Путаница, недосказанность, недоразумение - такие слова приходят в голову при воспоминании о просмотре фильма Сергея Лозницы "Счастье моё".
Набравшись смелости, предположу, что режиссёр хотел ударить зрителя обухом по голове - и ударил. Да не тем обухом. Вместо того, чтобы по окончании просмотра я (зритель) задумался о том, какая у нас хреновая действительность, я задумываюсь о том, какое у нас хреновое кино. Конечно, режиссёр нарочно делит фильм на 2 части, конечно, он специально обрывает местами накатанное, местами ухабистое, но вменяемое "дорожное" повествование, но не прошло и нескольких минут, как закончилась блестящая, пронзительная военная вставка, и я, зритель, понял, что неминуемо запутываюсь в фильме, погружаюсь в его пучину.
Когда главный герой появился в кадре заросшим и онемевшим, начался другой (конечно же, преднамеренно) фильм. Но герой, которого нам являют как главного, кто он: главный ли это герой первой части, водитель, или, может быть, немой соучастник нападения на него? И, как снежный ком, каждый новый поворот сюжета порождает всё большую путаницу.
И, запутавшись в бытовых мелочах второй части, мы цепляемся, как за борт спасательной шлюпки, за пистолет, который внезапно (ненароком, вдруг, совершенно случайно) попадает в руки главного героя, кем бы он ни был. И с тех самых пор мы ждём развязки: когда же, ну когда же, наконец, он выстрелит: до конца 20 минут, 17 минут, 15 минут...
И вот финальная сцена, и думаешь: "Хоть бы он не стал убивать этих ментов, ведь хуже этой концовки не придумаешь". Убивает. "Хоть бы не выстрелил в майора". Стреляет. "Хоть бы не убил остальных". Убивает. "Хоть бы не ушёл в темноту". Уходит. Предсказуемость вопиющая. В лучших традициях Ангелопулоса.

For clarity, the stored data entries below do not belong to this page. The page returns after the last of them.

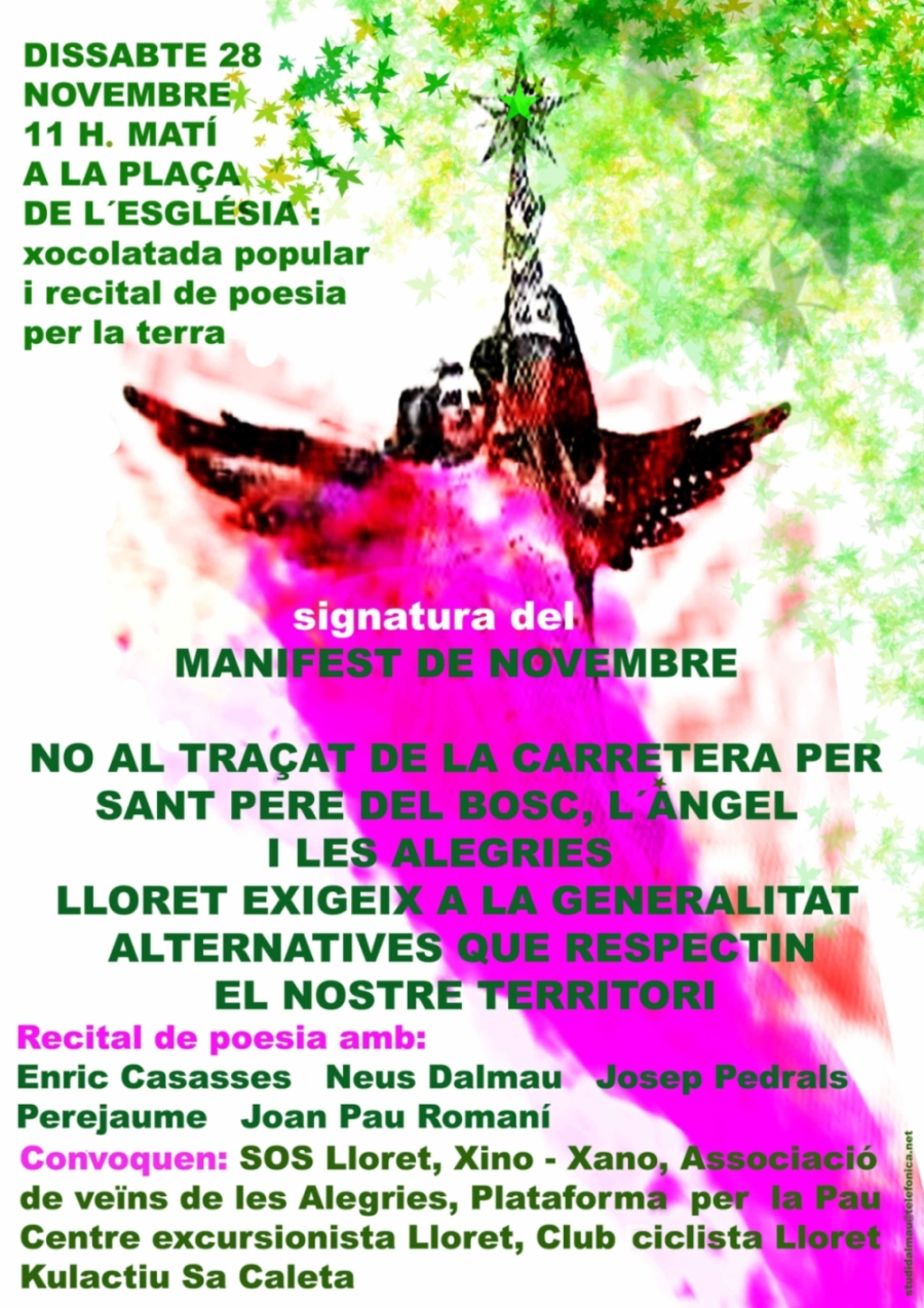 Avui, 28 de novembre, 13 associacions han signat en un acte públic a Lloret el Manifest de Novembre. En l’acte s’ha llegit un discurs al·legatori contra el traçat que estudia la Generalitat per unir Lloret amb l’autopista C-32 i, a continuació, s’ha procedit a llegir i signar el Manifest de Novembre. Les entitats adreçaran una còpia a l’Ajuntament de Lloret i una altra a la Generalitat.
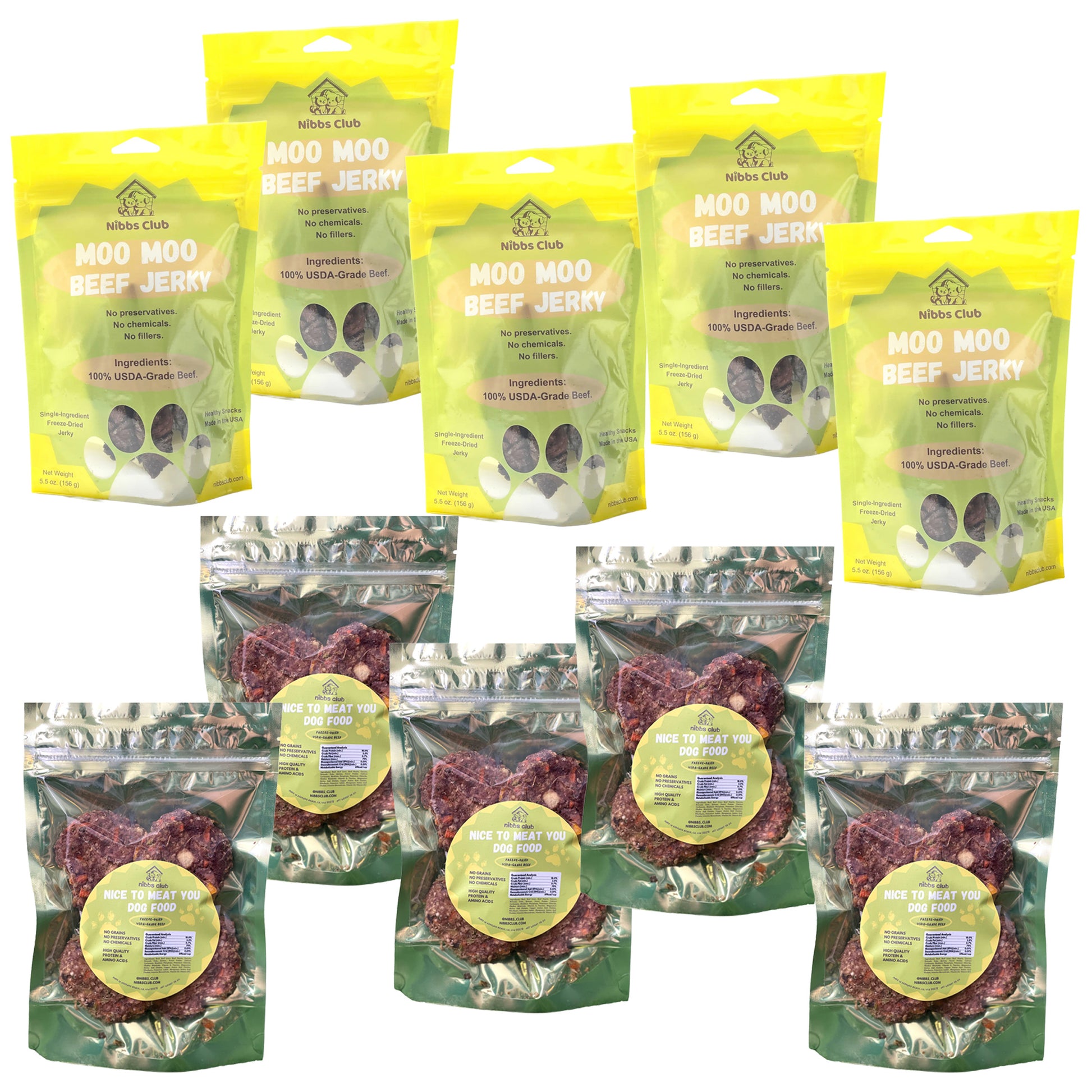 Tail Wagging Bundle – 5 Moo Moo Beef Jerky + 5 Nice To Meat You Bags
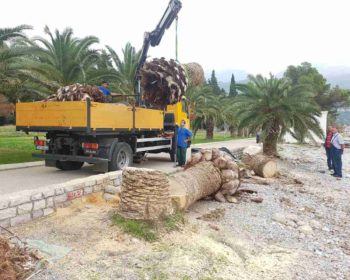 Zaposleni u Sektoru za održavanje zelenila, Komunalno Stambenog doo, uklonili su 6 zaraženih palmi sa Obale Nikole Kovačevića u Igalu

Не знаю, что именно, возможно, желание угодить всем сразу - деньгодавцам, зрителям отечественным, зрителям фестивальным, жюри фестивальным, родственникам, коллегам, товарищам, - возможно, боязнь оказаться непонятым, возможно неспособность мыслить самостоятельно (совсем самостоятельно, ну совсем-совсем самостоятельно), возможно, просто недостаток времени, денег или желания работать до изнеможения, - но что-то помешало создателям фильма снять его хорошим и современным. А ведь современным они снять его хотели, и это видно. Не буду приводить в доказательство своей точки зрения аргументы, скажу только, что тот, кто сознательно решил ломать пополам да ещё и дробить повествование, не станет использовать избитый до смерти чеховский приём "ружьё висит - ружьё выстрелит".
Художника от ремесленника отличает наличие собственного неповторимого взгляда на окружающий мир. Поэтому художник, если он искренен, не скатится в пошлость. При просмотре "Счастья моего" почему-то вспоминались фильмы Миндадзе и Верасетакула (что-то есть здесь и от того, и от другого). Я (зритель) смотрел на мир глазами Миндазе и глазами Верасетакула, но в "Счастье моём" глаз автора я не нашёл, зато почувствовал руки автора, которыми он, слепой, шарил в поисках нужной дубины и которые толкнули фильм в пропасть, в пошлость.